• **Task to complete**: The line with "勾选分析工具库后,可以在数据选项卡中找到这个工具库" marks the first line to copy, and the line with "Organisationskultur ist ein" marks the last. Transcribe that stretch of the data below exactly, without pictures.

== Supplied entries

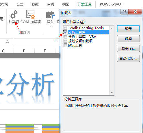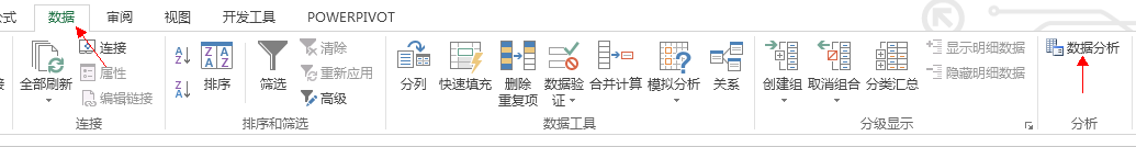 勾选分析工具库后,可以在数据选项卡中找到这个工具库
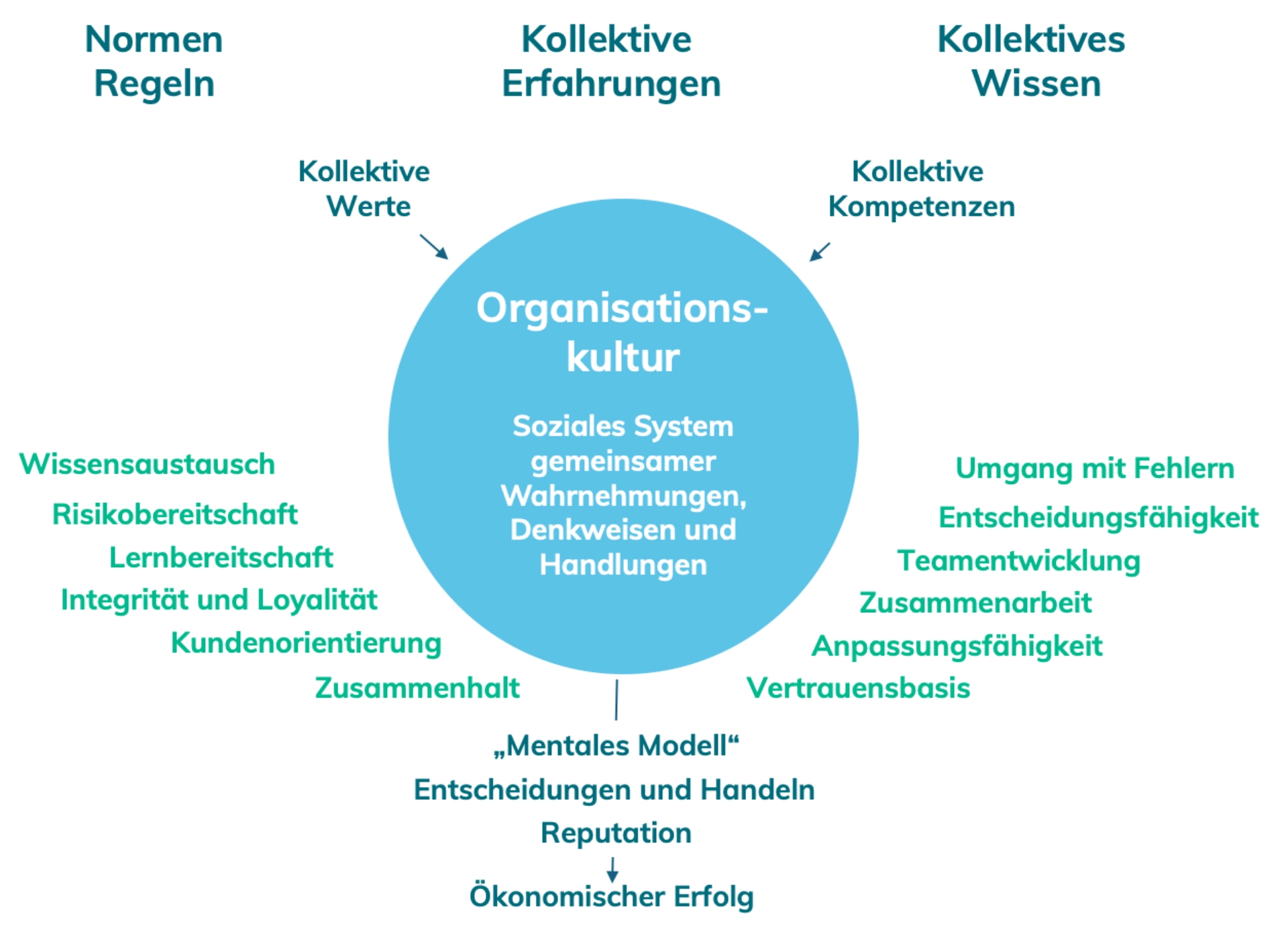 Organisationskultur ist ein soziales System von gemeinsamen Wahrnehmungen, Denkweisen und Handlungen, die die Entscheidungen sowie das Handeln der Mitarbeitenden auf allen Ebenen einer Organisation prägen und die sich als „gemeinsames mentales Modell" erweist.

====
== Supplied entries

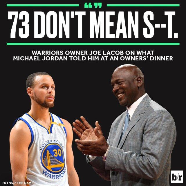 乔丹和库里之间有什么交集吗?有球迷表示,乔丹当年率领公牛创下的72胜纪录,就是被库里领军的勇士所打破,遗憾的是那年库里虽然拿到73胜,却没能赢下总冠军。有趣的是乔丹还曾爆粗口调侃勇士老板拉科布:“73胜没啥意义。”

====
== Supplied entries

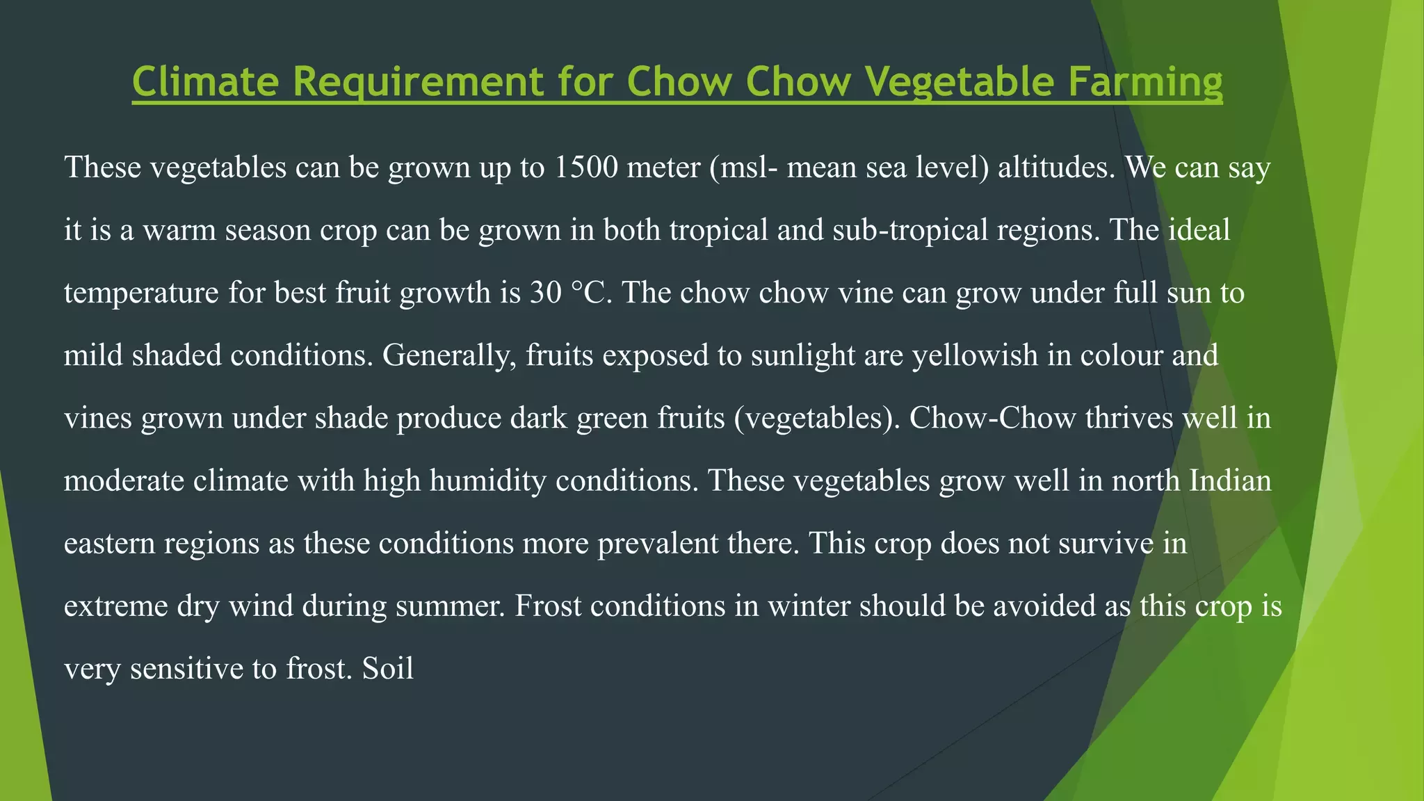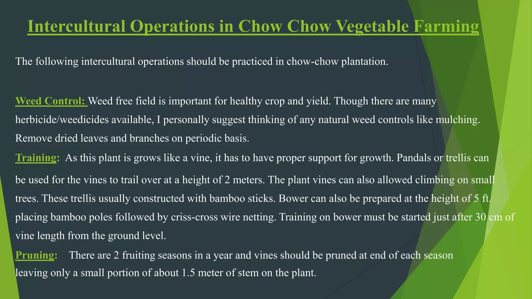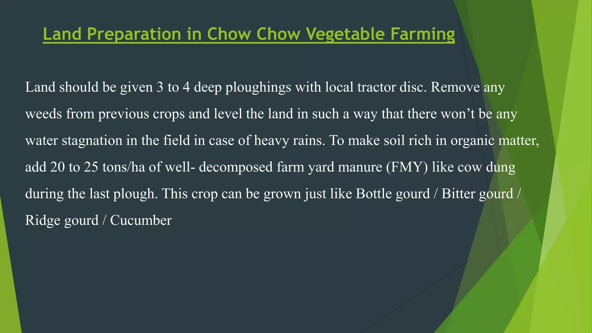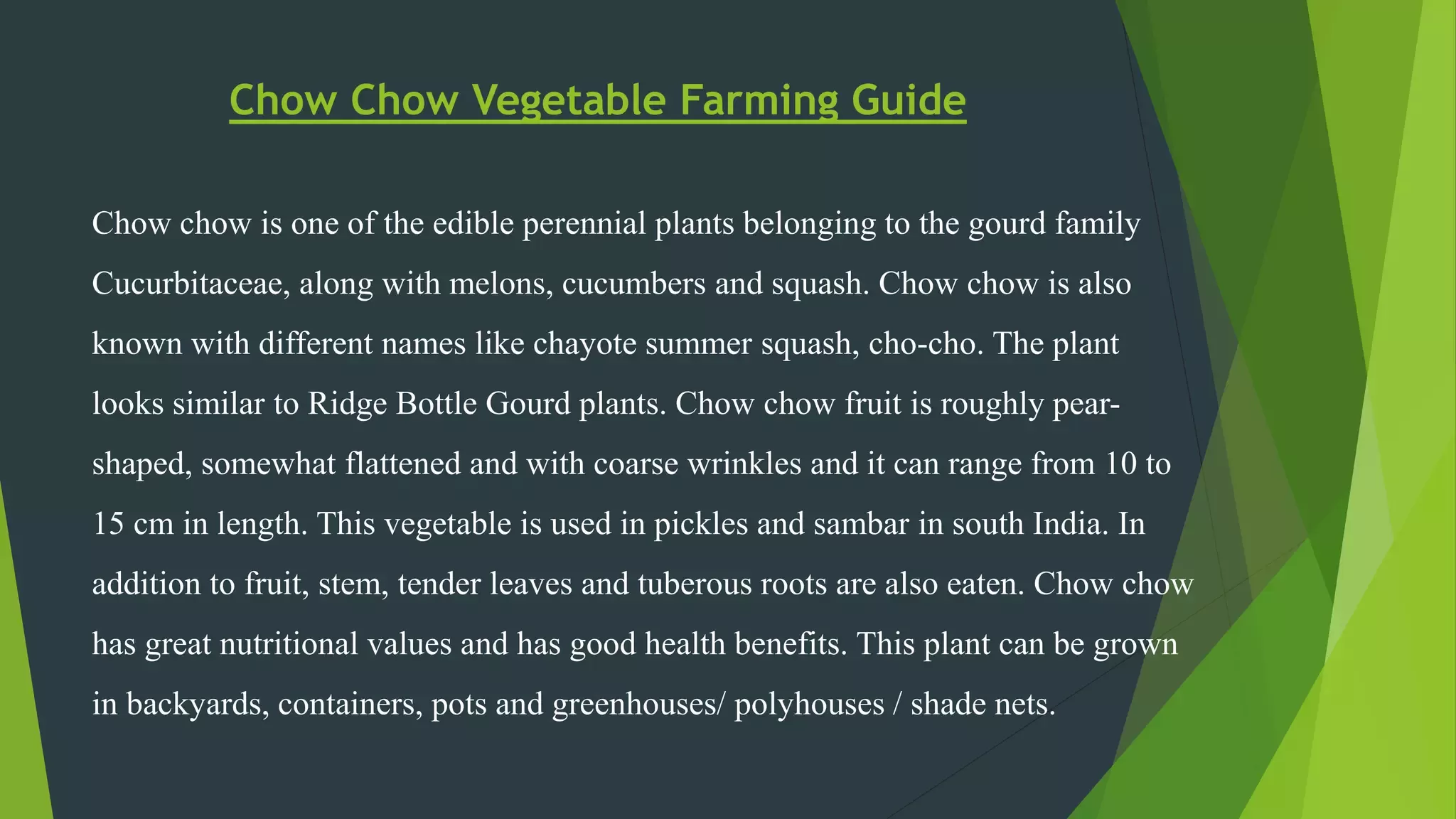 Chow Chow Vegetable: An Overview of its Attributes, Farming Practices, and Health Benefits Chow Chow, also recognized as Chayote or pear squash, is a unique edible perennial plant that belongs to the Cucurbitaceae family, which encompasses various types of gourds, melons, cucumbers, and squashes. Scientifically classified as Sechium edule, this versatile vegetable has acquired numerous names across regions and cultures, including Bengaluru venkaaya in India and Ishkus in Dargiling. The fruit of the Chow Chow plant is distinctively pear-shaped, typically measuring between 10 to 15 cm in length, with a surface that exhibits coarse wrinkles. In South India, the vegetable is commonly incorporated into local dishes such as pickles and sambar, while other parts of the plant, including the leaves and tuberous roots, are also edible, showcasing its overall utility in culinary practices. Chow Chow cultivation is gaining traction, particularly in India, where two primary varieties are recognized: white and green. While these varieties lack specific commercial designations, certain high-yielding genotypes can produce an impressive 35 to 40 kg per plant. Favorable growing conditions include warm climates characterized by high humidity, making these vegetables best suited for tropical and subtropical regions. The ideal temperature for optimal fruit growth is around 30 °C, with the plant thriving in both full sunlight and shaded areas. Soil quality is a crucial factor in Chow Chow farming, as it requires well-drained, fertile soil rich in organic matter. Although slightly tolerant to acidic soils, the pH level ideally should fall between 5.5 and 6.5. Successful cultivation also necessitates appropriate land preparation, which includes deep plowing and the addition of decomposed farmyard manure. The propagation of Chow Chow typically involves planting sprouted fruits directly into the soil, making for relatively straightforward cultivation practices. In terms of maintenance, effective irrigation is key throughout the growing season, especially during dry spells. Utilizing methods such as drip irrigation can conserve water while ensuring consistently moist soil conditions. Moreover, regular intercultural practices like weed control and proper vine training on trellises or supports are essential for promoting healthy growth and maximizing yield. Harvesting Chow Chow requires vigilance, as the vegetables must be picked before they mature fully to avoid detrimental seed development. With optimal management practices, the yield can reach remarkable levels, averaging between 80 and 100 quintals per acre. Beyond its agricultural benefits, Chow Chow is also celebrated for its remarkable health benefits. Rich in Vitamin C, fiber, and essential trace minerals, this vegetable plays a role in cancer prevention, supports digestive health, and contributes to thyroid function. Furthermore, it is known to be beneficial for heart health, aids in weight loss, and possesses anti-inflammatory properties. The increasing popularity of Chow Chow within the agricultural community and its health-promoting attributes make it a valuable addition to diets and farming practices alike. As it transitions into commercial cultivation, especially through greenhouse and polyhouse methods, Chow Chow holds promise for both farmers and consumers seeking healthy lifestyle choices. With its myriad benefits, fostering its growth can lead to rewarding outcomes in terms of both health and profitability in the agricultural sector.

====

• **Worked solution**:
 勾选分析工具库后,可以在数据选项卡中找到这个工具库
 Organisationskultur ist ein soziales System von gemeinsamen Wahrnehmungen, Denkweisen und Handlungen, die die Entscheidungen sowie das Handeln der Mitarbeitenden auf allen Ebenen einer Organisation prägen und die sich als „gemeinsames mentales Modell" erweist.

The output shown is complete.